The proteomic content of Varroa destructor gut varies according to the developmental stage of its host

Abstract

The nutritional physiology of parasites is often overlooked although it is at the basis of host-parasite interactions. In the case of Varroa destructor, one of the major pests of the Western honey bee Apis mellifera, the nature of molecules and tissues ingested by the parasite is still not completely understood. Here, the V. destructor feeding biology was explored through artificial feeding, dissection of the mite's gut and proteomic analyses. More specifically, the proteome of guts extracted from starved mites and honey bee-fed mites was compared to highlight both the parasite proteins likely involved in food processing and the honey bee proteins actually ingested by the mite. We could identify 25 V. destructor candidate proteins likely involved in the parasite digestion. As the host developmental stages infested by the mite are diverse, we also focused on the identity and on the origin of honey bee proteins ingested by the mite when it feeds on larvae, pupae or adults. We highlighted profiles of consumed honey bee proteins and their variations throughout the V. destructor life cycle.

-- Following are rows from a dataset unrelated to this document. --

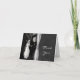 Vacker bröllopsfototack-kort, gjort med ett bröllopsfotografi på vänster sida av kortet. Grafik av ett elegant vitt sidenband med grafik av gnistrande diamantdekorationer delar kortet mellan fotografiet och den vackra svarta damastbakgrunden på höger sida. Vit skrivstilstext läser "Tack" på höger sida av kortet. Personifiera genom att lägga till din egen text och ditt eget bröllopsfoto. Så underbart sätt att skicka tack efter bröllopet.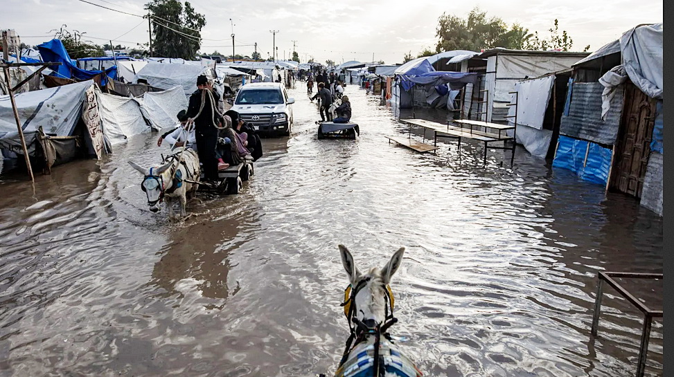 Lakóhelyükről elűzött, kibombázott palesztinok szamár vontatta kordékon közlekednek sátraik között az esőzések miatt elárasztott utakon Hán Júnesz városban, 2025 decemberében - ez is a népirtás eszköze… (fotó: EPA)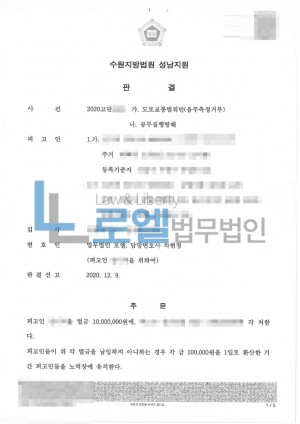 로엘법무법인은 1) 경찰 조사 참여, 2) 변호인 의견서 작성 및 제출, 3) 법정변론 등을 통하여 검찰 구형보다 감형된 [벌금형] 판결을 받았습니다.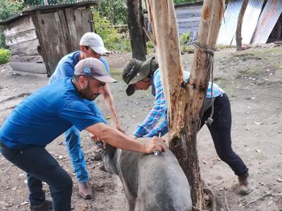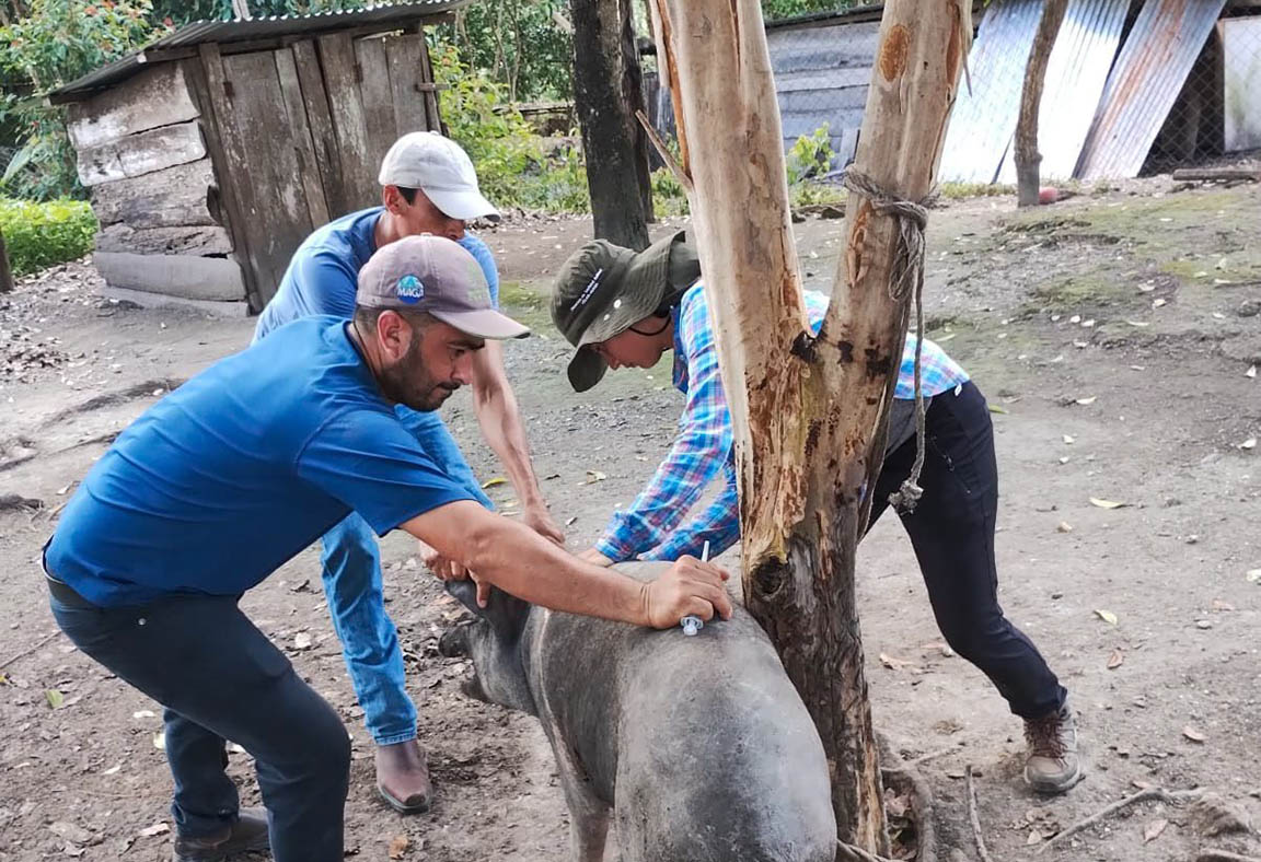 También se aplicaron vitaminas y desparasitantes a los porcinos, fortaleciendo su salud y contribuyendo al desarrollo sostenible de la producción local. Esta iniciativa tiene como objetivo mejorar la seguridad alimentaria y la economía de las familias productoras rurales.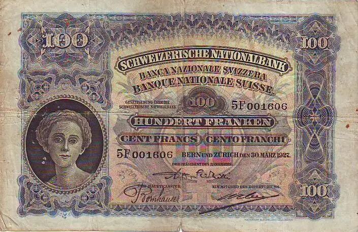 Billet Suisse 100 F Tête de Femme - Paysan

These variations matched the ones observed in the honey bee hemolymph, showing that this tissue is an important part of the mite's diet. Based on the variations of abundance of the most consumed honey bee proteins and on their functions, the potential implication of these key candidate nutrients in V. destructor reproduction is also discussed.

Fig 1. Exploration of the Varroa destructor gut proteomic profiles between fed and starved mites.

(A) Experimental groups compared in the gut proteomic analysis of Acari proteins. Mites naturally fed on larvae, pupae or adults for 24h were compared to control starved mites that only had ingested PBS. PBS had to be added in the starved condition as V. destructor dies from desiccation under 24h if deprived of a water source [44], (B) Venn diagram showing the common number of differentially regulated Acari proteins between larva-fed and starved mites (in blue), between pupa-fed and starved mites (in violet) and between adult-fed and starved mites (in orange). The green and red arrows represent up- and down-regulation, respectively. (C) Amounts of up- and down-regulated proteins in larvae, pupae, adults or in total. For each group, analyses were run on three replicates of 4 mites’ gut pooled together (N = 3 pools of four mite’s gut per condition). Larva (https://doi.org/10.7875/togopic.2022.304) and pupa pictures (https://doi.org/10.7875/togopic.2022.305) were retrieved from the DataBase Center for Life Science and were conceived by Haru Sakai and Hiromasa Ono.

Fig 2. Venn diagrams of Apis spp. proteins found in both V. destructor guts and honey bee hemolymph or fat body.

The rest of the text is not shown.